Requirements and motivation
Three main requirements have driven the NeCoMan middleware's development. First, NeCoMan should relieve the developer of point-to-point network services from implementing ad hoc adaptation algorithms. To accomplish this, NeCoMan must coordinate the safe distributed adaptation of an extensive set of point-to-point services. By packaging this adaptation complexity in the middleware, we aim to make dynamic adaptation of programmable networks less complex and error prone.
Second, distributed adaptations must be executed as transparently as possible. The quality requirements imposed on computer networks imply that service disruption caused when adapting programmable nodes must be kept to a minimum. At best, end users shouldn't be able to detect that an adaptation has occurred inside the network—that is, they shouldn't experience unexpected delays or service disruptions. To cope with this requirement, NeCoMan aims to speed up the adaptation process whenever possible by taking into account the characteristics of the services involved as well as the reconfiguration semantics.
Finally, to promote reuse, the NeCoMan middleware should be decoupled from the execution environment of the programmable nodes that will be adapted. NeCoMan therefore can't use the adaptation primitives of one specific node execution environment. Instead, NeCoMan coordinates the recomposition of flow-oriented, component-based protocol stack architectures, such as Click 3 and DiPS (Distrinet Protocol Stack)/CuPS (Customizable Protocol Stack). 4 Consequently, adaptations of a protocol stack composition are expressed in terms of creating and removing components and connectors (mediating invocations among components). This type of node architecture exposes the following characteristics:

    Nodes become reprogrammed out-of-band: the recomposition of a protocol stack is initiated independently from the actual data packets traversing through the network.
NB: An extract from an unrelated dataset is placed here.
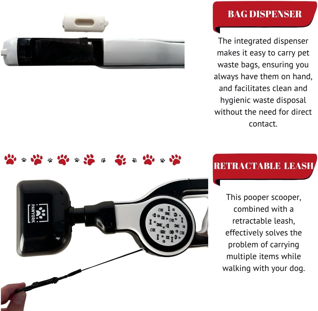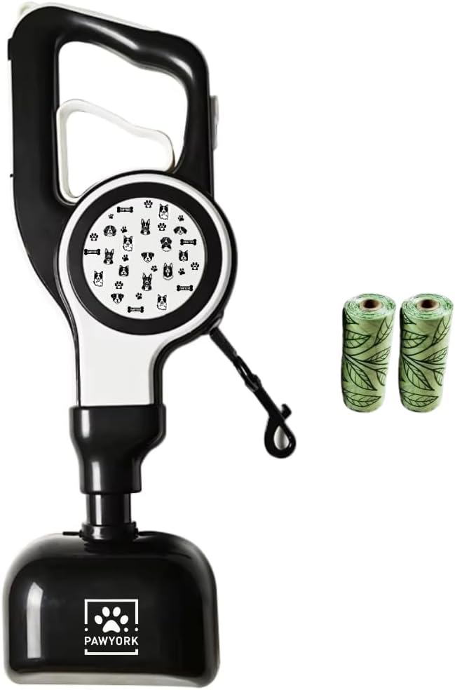MULTIFUNCTIONAL DESIGN: Combines a poop scooper for dogs and retractable leash in one convenient tool for walking and cleaning up after your dog EASY OPERATION: One-handed pickup mechanism allows for swift waste collection while maintaining control of your pet on the leash RETRACTABLE LEASH: Built-in leash system provides freedom of movement for your dog while keeping them under control PRACTICAL FEATURES: Includes waste collection bags storage compartment and quick-release waste disposal mechanism PORTABLE SOLUTION: Lightweight construction makes it easy to carry during walks, perfect for daily use in parks and neighborhoods › See more product details

    Data packets don't carry information that would let a node decide how to process them, except when required during adaptation.

Basic algorithm for safe distributed-software adaptation
Because NeCoMan must coordinate the adaptation of an extensive set of point-to-point services, the basic adaptation algorithm (see figure 1 a) doesn't take into account the services' characteristics. We'll discuss the customizations of this general-purpose adaptation algorithm in the next section.




Figure 1. Basic algorithm for safe distributed-software adaptation: (a) the basic algorithm, (b) replacement of a reliability service by a new version, and (c) implementation of the basic adaptation NeCoMan uses to replace a reliability service.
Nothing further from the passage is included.